William Julius Wilson, among our most admired sociologists and urban policy advisers, author of When Work Disappears ("Profound and disturbing," Time; "His magnum opus," David Remnick, The New Yorker), and Richard P. Taub, chairman of the Department on Comparative Human Development at the University of Chicago, spent three years with a group of researchers studying four working- and lower-middle-class Chicago neighborhoods: African American, white ethnic, Latino, and one in transition from white ethnic to Latino.

Their focus: to understand how and why certain urban residents react to looming racial, ethnic, or class changes, and what their reactions mean in terms of the stability of their neighborhood.

Using first-person narratives and interviews throughout, There Goes the Neighborhood gives voice to attitudes and realities few Americans are willing to look at.
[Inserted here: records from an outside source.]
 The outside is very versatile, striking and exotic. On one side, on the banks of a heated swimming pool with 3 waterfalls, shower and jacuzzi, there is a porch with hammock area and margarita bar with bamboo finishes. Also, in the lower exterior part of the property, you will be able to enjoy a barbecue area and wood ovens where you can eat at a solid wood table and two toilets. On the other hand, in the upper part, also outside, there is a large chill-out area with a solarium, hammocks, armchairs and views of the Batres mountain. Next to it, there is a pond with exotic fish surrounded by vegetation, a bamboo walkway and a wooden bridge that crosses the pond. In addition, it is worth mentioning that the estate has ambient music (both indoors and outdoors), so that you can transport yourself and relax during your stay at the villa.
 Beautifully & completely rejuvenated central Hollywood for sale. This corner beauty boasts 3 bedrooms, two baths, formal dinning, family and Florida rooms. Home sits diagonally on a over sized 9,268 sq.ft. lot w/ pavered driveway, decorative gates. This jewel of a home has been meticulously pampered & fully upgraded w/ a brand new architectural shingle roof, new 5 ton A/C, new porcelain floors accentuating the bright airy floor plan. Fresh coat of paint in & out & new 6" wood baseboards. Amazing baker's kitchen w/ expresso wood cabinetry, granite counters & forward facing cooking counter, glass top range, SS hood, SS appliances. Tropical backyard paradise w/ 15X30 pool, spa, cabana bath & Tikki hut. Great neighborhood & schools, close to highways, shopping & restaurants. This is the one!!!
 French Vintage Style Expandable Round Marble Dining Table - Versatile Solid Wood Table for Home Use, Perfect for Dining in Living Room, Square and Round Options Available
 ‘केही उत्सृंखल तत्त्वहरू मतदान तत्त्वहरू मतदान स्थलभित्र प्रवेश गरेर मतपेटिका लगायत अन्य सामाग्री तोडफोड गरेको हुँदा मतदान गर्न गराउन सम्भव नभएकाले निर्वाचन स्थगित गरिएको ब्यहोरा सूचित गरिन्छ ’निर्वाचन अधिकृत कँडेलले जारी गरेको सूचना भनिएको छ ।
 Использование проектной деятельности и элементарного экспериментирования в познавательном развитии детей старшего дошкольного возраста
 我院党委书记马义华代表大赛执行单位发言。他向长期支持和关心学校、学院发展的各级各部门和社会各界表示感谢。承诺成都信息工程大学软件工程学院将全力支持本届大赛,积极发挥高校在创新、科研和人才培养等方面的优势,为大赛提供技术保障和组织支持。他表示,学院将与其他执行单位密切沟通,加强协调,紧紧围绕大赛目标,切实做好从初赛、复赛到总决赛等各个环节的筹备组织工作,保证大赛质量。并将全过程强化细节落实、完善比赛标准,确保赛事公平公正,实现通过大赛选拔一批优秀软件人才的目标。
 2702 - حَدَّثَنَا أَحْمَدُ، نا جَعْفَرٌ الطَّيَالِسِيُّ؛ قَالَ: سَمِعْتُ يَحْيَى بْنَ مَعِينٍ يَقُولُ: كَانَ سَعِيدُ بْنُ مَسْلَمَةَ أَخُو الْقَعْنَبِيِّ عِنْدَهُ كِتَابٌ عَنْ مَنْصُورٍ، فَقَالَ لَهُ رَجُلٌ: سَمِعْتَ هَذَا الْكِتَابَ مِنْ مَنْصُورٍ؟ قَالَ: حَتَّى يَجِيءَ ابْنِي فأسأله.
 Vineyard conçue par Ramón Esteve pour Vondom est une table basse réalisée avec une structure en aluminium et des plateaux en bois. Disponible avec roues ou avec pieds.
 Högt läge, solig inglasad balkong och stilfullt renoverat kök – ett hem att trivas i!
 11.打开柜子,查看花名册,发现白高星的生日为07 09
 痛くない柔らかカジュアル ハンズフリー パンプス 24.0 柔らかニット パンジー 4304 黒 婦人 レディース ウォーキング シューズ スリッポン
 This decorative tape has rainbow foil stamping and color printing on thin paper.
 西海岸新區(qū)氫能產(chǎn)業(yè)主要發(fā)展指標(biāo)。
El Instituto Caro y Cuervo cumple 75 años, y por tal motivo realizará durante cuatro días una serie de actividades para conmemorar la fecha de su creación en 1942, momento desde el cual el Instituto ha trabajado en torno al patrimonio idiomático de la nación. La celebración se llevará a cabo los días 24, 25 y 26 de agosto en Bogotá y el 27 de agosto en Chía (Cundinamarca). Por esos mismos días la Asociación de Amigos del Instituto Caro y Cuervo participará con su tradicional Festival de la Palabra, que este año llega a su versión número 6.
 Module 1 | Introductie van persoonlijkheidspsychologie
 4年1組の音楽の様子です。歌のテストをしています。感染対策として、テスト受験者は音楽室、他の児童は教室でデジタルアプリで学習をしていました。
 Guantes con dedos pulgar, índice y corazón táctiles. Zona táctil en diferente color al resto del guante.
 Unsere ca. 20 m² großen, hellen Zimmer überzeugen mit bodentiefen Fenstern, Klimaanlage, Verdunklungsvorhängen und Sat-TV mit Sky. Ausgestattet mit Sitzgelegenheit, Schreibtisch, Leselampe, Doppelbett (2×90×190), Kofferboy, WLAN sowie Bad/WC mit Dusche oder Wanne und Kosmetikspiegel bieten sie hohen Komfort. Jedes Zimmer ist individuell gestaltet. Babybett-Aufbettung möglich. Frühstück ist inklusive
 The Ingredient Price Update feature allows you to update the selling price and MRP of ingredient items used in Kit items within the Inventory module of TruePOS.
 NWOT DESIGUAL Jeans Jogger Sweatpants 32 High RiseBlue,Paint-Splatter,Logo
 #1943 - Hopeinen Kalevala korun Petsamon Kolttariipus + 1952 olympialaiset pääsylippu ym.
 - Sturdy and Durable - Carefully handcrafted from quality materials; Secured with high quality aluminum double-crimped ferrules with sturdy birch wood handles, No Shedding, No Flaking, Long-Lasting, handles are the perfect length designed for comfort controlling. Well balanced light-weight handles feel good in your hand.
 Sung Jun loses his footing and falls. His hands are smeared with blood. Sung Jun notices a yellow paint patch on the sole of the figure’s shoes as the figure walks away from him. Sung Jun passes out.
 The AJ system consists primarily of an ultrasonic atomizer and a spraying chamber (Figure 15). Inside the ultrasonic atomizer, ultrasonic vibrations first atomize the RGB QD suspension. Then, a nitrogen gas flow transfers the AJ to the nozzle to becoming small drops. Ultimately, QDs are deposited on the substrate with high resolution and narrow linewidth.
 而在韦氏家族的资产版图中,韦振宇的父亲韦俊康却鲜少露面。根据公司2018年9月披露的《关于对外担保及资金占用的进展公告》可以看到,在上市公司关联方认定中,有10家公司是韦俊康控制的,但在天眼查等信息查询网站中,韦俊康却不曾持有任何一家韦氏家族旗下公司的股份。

Their findings lay bare a disturbing and incontrovertible truth: that the American dream of racial integration, forty-two years after the passage of the Civil Rights Act, still eludes us - and, in fact, may not happen in the foreseeable future.

The authors examine the ways in which forces that contribute to strong neighborhoods work against the idea of integration. They explain why residents of neighborhoods with weak social organizations often choose to move rather than confront unwanted ethnic or racial change. Finally, the authors make clear that the racial and ethnic tensions that have become all but inherent to urban neighborhoods have urgent implications for Americans at every level of society.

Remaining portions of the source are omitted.